__Activity__
Starting at the line that contains "73288042 alte Postkarte" and stopping after the line that contains "HeatMap of cell", transcribe the listing below exactly; do not include any pictures.

__Provided data__
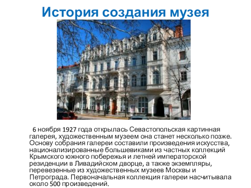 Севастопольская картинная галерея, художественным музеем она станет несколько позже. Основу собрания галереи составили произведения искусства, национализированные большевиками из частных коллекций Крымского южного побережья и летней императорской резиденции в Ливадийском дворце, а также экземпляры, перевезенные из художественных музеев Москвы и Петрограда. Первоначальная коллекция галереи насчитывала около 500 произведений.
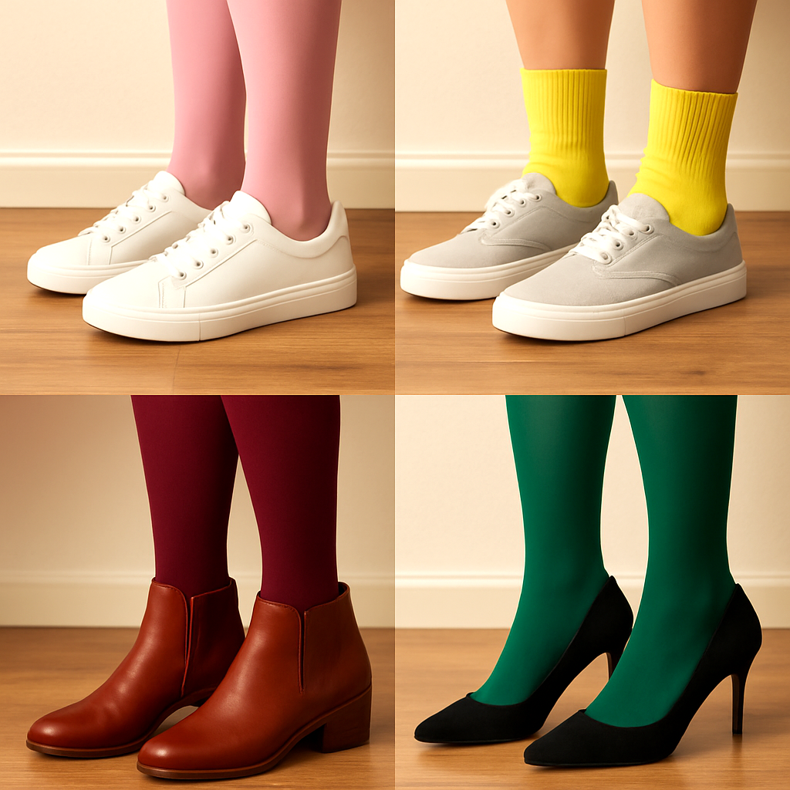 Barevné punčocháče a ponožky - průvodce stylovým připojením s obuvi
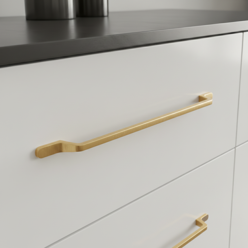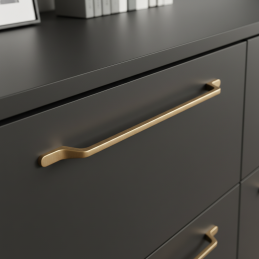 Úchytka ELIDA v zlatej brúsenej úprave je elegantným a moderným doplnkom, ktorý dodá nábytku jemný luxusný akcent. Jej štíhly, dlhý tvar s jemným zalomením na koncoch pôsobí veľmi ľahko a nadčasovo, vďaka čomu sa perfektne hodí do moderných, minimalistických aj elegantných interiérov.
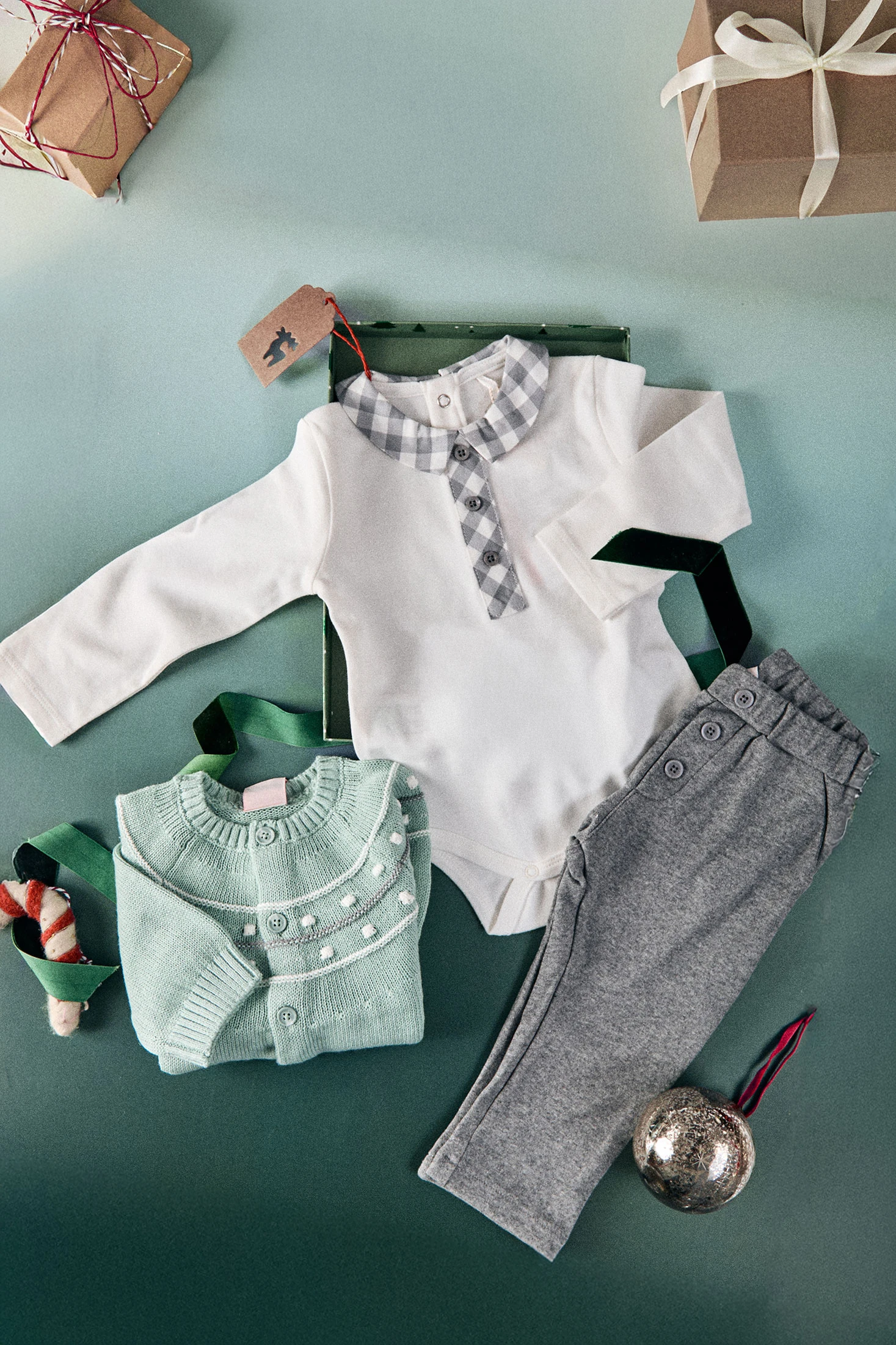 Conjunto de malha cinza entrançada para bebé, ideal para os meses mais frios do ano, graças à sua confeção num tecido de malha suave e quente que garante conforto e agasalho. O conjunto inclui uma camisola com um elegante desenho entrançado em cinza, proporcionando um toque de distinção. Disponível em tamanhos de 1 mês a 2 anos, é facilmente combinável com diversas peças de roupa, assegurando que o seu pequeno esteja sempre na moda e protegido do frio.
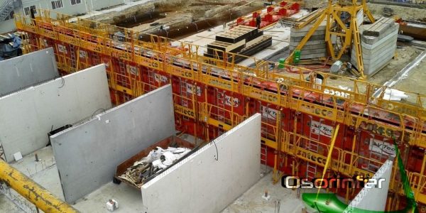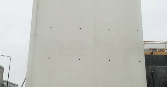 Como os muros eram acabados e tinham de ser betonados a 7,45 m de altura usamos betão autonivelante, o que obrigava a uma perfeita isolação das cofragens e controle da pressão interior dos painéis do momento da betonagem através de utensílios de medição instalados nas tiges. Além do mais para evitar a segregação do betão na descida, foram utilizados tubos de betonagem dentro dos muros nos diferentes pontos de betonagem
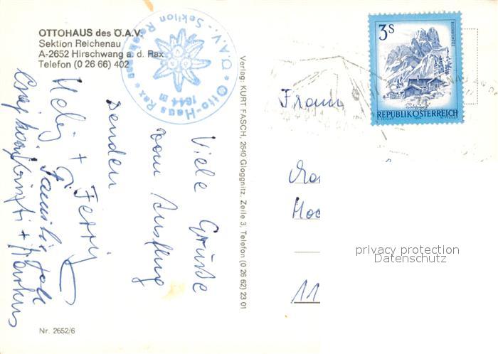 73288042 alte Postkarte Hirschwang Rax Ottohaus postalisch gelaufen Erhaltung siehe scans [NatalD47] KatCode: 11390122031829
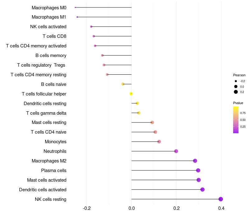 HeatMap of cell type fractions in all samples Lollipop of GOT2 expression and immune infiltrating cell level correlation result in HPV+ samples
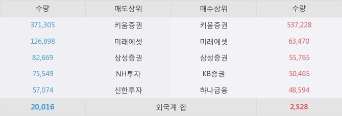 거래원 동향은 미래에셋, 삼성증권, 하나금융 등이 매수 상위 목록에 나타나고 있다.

__Written solution__
 73288042 alte Postkarte Hirschwang Rax Ottohaus postalisch gelaufen Erhaltung siehe scans [NatalD47] KatCode: 11390122031829
 HeatMap of cell type fractions in all samples Lollipop of GOT2 expression and immune infiltrating cell level correlation result in HPV+ samples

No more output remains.